Several days ago, a young lady asked the following question, “How wide is this path by the river?”

The answer, “Wide enough for a horse and buggy?”

The disbelieving response, “A horse and buggy?,” like a horse and buggy was the most preposterous thing to imagine in Western Loudoun.

Where I live in Lovettsville, we know several neighbors who drive a horse and buggy and one neighbor has the most excellent team of draft horses that pull a high seated stylish wagon.

Ignorance of our local ways puts at risk our livestock, our crops, and the rich and valued history, lurking around almost every turn in our unpaved country roads.

What’s most sad is to misapprehend how much richer is any life lived consciously in the country. 

Henry Taylor, the Pulitzer prize-winning poet, a Loudoun treasure himself, wrote of a man who left behind “civilization” and “takes his pain to the woods, to settle down.”

Henry wrote of this man, “Wanting the dark, he shuts the cabin door while the town he left lies buried in thick air he once breathed freely, watching others drown.”

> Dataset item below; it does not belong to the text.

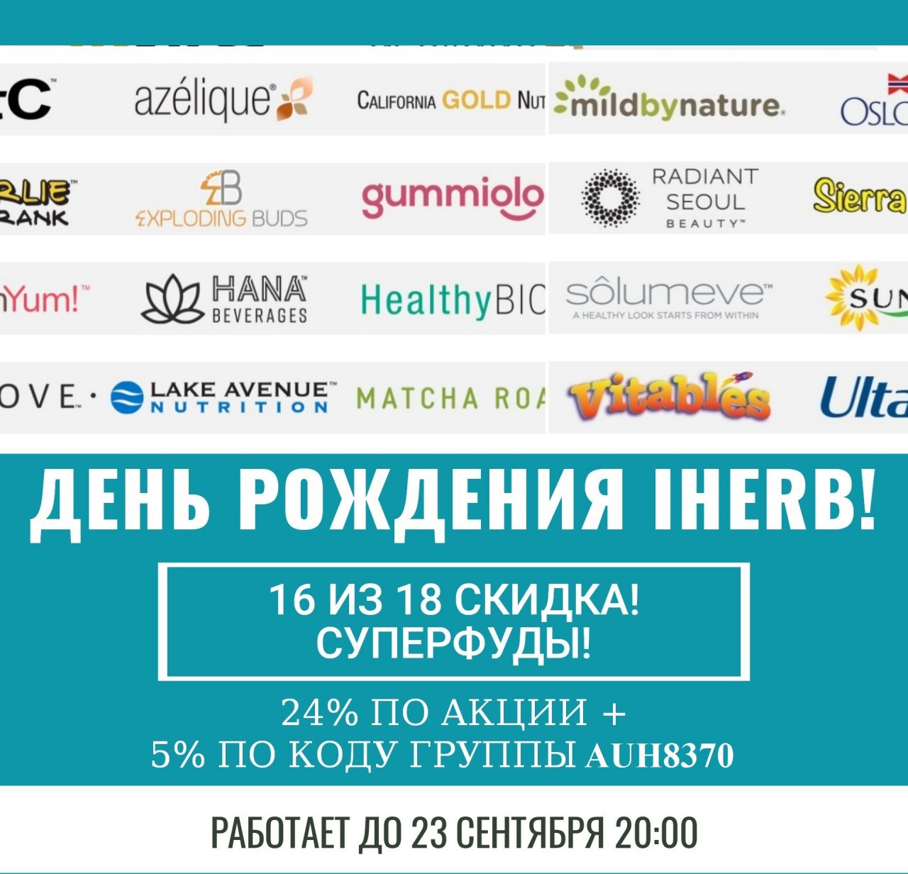 ⚡️24% по акции + 5% по коду группы AUH8370 на бренды iHerb!

It’s that old saw, to be unfair to Henry’s easy sounding complexity, to know the cost of everything, and the value of nothing.

“Back there,” Henry wrote, and he could be talking about Fairfax, or New York where I was born, “They run like cattle down a chute,” Henry said, “to low at those lascivious marquees or slobber over rubber novelties; so he [this man] carries his pain here to [Loudoun to] shake it out away from them.”

When I was a kid in New York, I lived not far from “West Farms,” no farm back then, instead a juncture of streets, an el train overhead, tenements on either side of the street, and only the nearby Bronx Zoo resembling anything like a farm.

There are no heavily maned lions in Loudoun, but we do have our own brand of mountain lion, coyote, bear, fox, raccoons, skunks, minx, ground hogs, rabbits, weasels, and snakes running free.

We quite understand those who want the big box in McClean and come to Loudoun because the space is affordable, but, once here, don’t then disrespect what we have here, what was here when you came!

Don’t pour poison on your lawn, that then drifts into our ground water, into what we drink, don’t compromise our riparian buffers, don’t use water like it’s source is boundless.

Henry wrote how in “spring and summer you would mow the field, not down to lawn, but with a bushhog, every six weeks or so, just often enough to give grass a chance, and keep weeds down.”

This is how a meadow is born, a place with cover for birds, where flowers may grow, plants that sustain life, and endangered pollinators including the Monarch Butterfly.

We have a freedom farming movement in Western Loudoun, distrusting pesticides, GMOs, and patented seeds.  One misses a grand opportunity, if one doesn’t farm, or buy locally from these farms.

Henry wrote of how you’d stop to talk to an old farmer, “to see whatever this old farmer sees who crumbles heads of wheat between his palms,” and listening “to the soft click of the swaying grain heads …”

We have to modulate our pace if we don’t want to be like cattle running down a chute.

If we don’t appreciate what we’ve got, we’ll be wringing our hands when we’ve discovered it’s lost.